Conformance Test Suite
Khronos has made their extensive test suite for Vulkan conformance open source on GitHub. This means that we can run the tests with our backend to see how much coverage (and conformance) of the Vulkan API we have with our portability wrapper.
There are over 300,000 (!) tests in the CTS, though the bulk of them come from testing format permutations and a lot depend on features which might not yet be exposed in the backend.
As of now the DirectX 11 backend has 33,019 passing tests and 43,379 failures/crashes
WRench
WebRender directly interfaces with gfx and also has some reference tests similar to the CTS. These are quite specific to webrender (lots of blend modes and box shadows and whatnot).
In total there are 137 tests and as of writing this the DirectX 11 backend passes 126.
Playing games instead of working?
Almost! Around the start of GSoC Valve anounced they would be shipping MoltenVK on Mac to provide a Vulkan implementation for Dota 2. Coincidentally, gfx also had a Metal backend at the time, and used the gfx-portability library to test the backend.

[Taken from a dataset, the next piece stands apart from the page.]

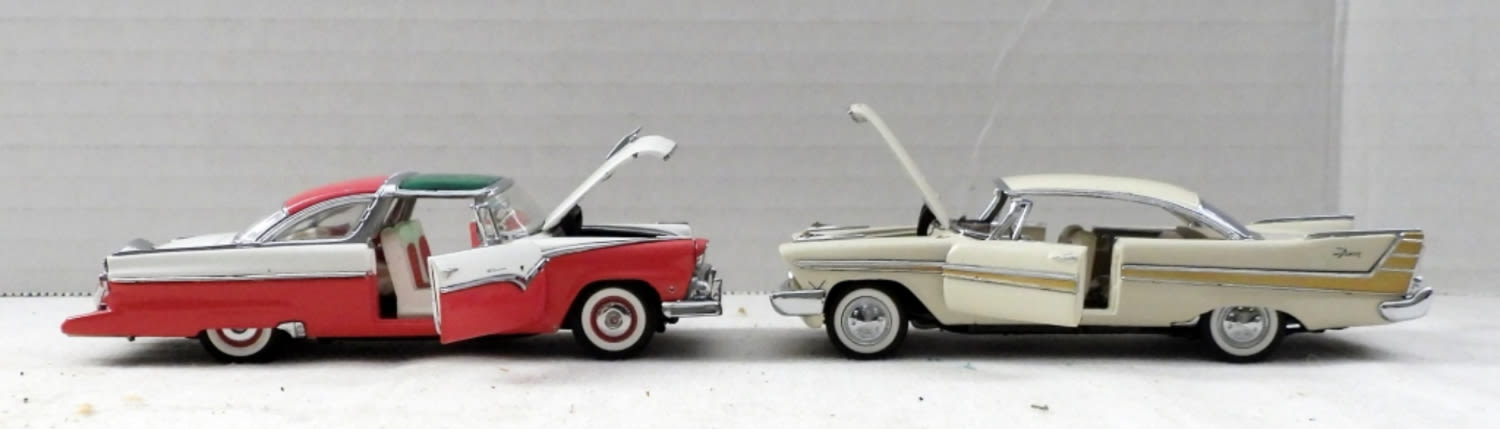 DIECAST 1957 PLYMOUTH FURY 1:24 SCALE; 1955 FORD CROWN FAIRLANE VICTORIA 1:24 SCALE PINK & WHITE; EXCELLENT CONDITION

Although the end result would be quite pointless (Dota 2 already uses DirectX 11 directly), it seemed like a great way to test the backend against a real world usage of the API. It took a while to get over the initial hurdle of getting it to launch without crashing, but after that it was smooth sailing.
Servo
All of this leads up to testing the backend in Servo, which draws content using WebRender. There’s not much more to say for getting servo to run, since it only depends on WebRender for drawing, so if WebRender works, so should Servo.
What’s left?
There are still a few missing features not yet implemented for both the CTS/WRench suite and Dota to look correct and unfortunately in-game pictures looks a bit less impressive. Outstanding issues are posted at GitHub and ready for work:
- Constant buffer offsets
- Host visible images
- Unaligned copies on small formats
- More copy shaders
- Descriptor arrays
- Texture swizzling
It was a lot of fun to work on this project and it’s amazing how much you can learn from doing a shim implementation of an API. Big thanks to my mentor Dzmitry (kvark) and the rest of the gfx contributors for a great GSoC experience!